Answer: Olney's lesions are a form of brain damage possibly resulting from exposure to high doses of NMDA receptor antagonists.

One of the profound questions in the field of neuroscience, medicine, and pharmacology is "how do drugs influence the brain and behavior?" Scientists are often curious about the long-lasting effect of exposure to certain chemicals.

Several drugs have their principle site of pharmacological action at the NMDA receptor. This receptor is found at several neurons in the brain, and is normally responsible for detecting the neurotransmitter glutamate. Glutamate is the main excitatory signal in the brain.

A variety of drugs act as antagonists, or blockers, of these NMDA receptors. For example, the medication amantadine is given to treat some of the symptoms of Parkinson's disease, the dyskinesia that comes with long term exposure to levodopa, and multiple sclerosis (MS). Another NMDA antagonist, memantine, is prescribed to help patients to with Alzheimer's disease. 

A few illicit drugs also have pharmacological action as NMDA receptor antagonists. For example, ketamine is a veterinary anesthetic, a misused recreational club drug, and clinically a fast-acting antidepressant that robustly inhibits the NMDA receptor. PCP, or "angel dust," is also an NMDA receptor antagonist. 

Controversially, it is not clear whether dextromethorphan (DXM), an ingredient found commonly in over-the-counter antitussives (cough medicine), produces Olney's lesions. DXM is sometimes misused for it’s psychogenic effects, including euphoria and intoxicating sensations.

In nonhuman models, such as in rats and monkeys, high exposure to NMDA receptor antagonists produce cell damage to specific parts of the brain such as the posterior cingulate and retrosplenial cortex. The cell injury appears to be a result of mitochondrial breakdown across individual neurons. The lesions are apparent after a single dose of the NMDA receptor antagonist MK-801 after 12 hours, but the extent of the injury recovered back to normal after 24 hours. The study also found that repeated doses do not cause an increase in the severity of the injury, indicating that there is not a strong cumulative effect of these drugs. 

These sites of injury came to be called Olney's lesions, after the researcher who first published the description of the injuries in 1989 in the journal Science (Pathological changes induced in cerebrocortical neurons by phencyclidine and related drugs). Alternatively, these lesions are sometimes also referred to as “NMDA receptor antagonist neurotoxicity”, or NAN. 

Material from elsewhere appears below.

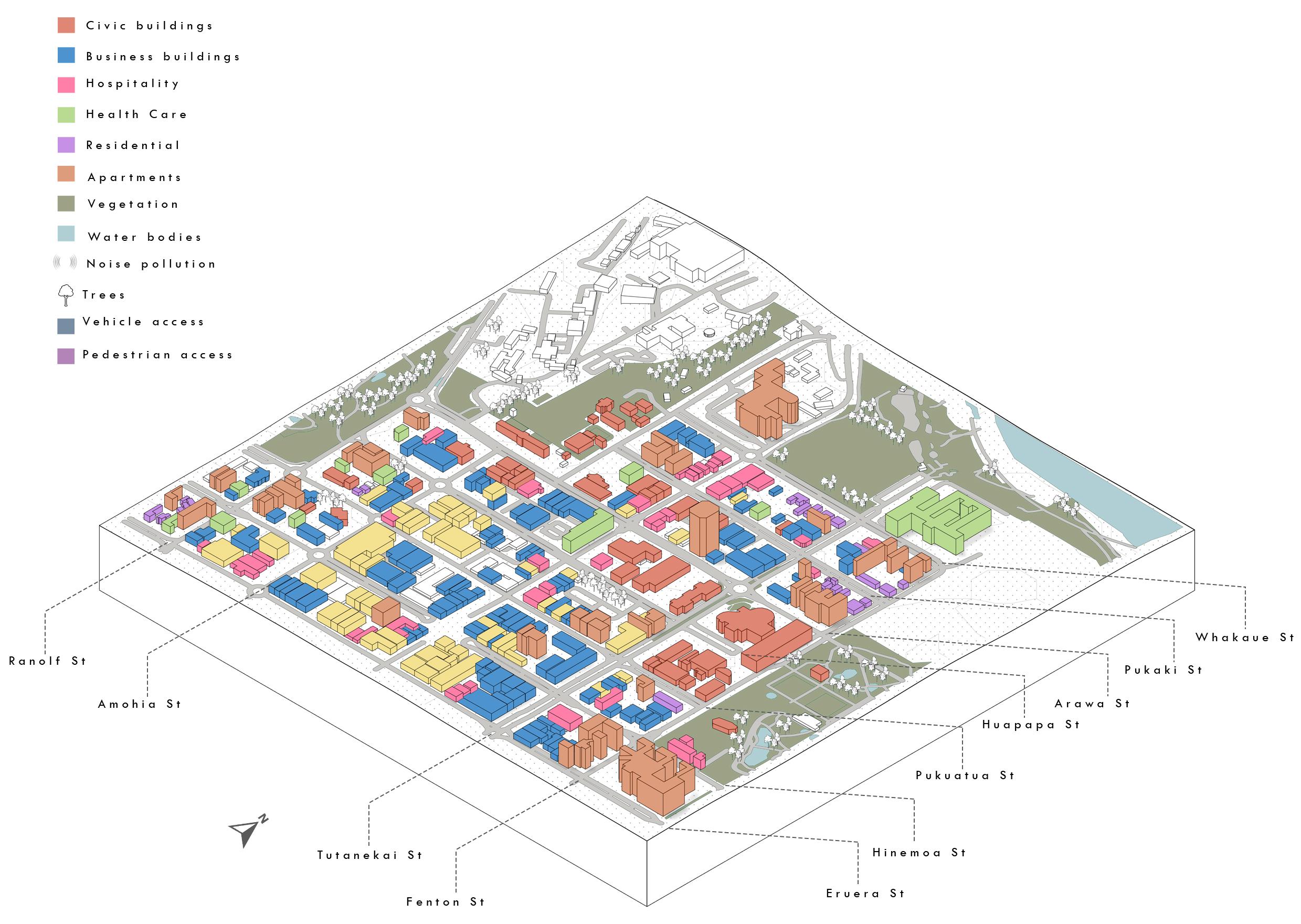 This analysis reveals what the Rotorua CBD is comprised of. The majority of areas are included, covering access routes, vegetation, and building types. This analysis demonstrates that the CBD has a very small amount of residential accommodation. However, this shows the city's potential for residential development and densification. The objective of Rotorua's district revitalisation as a whole is tied to the idea of residential growth. Which is the aim of the brief.

Although the nonhuman animal literature shows some injury, it is not entirely clear whether long term prolonged or high dose exposure to NMDA receptor antagonists lead to Olney's lesions in humans. However, the influence of these antagonists may contribute to differences in neural plasticity. The neurotransmitter glutamate is an excitatory signal that can bind to different receptor classes, such as AMPA and NMDA receptors. When both are activated, which happens regularly in the healthy brain, there are intracellular signals that lead to increased plasticity. However, in the presence of an NMDA receptor antagonist, the plasticity signals become weaker.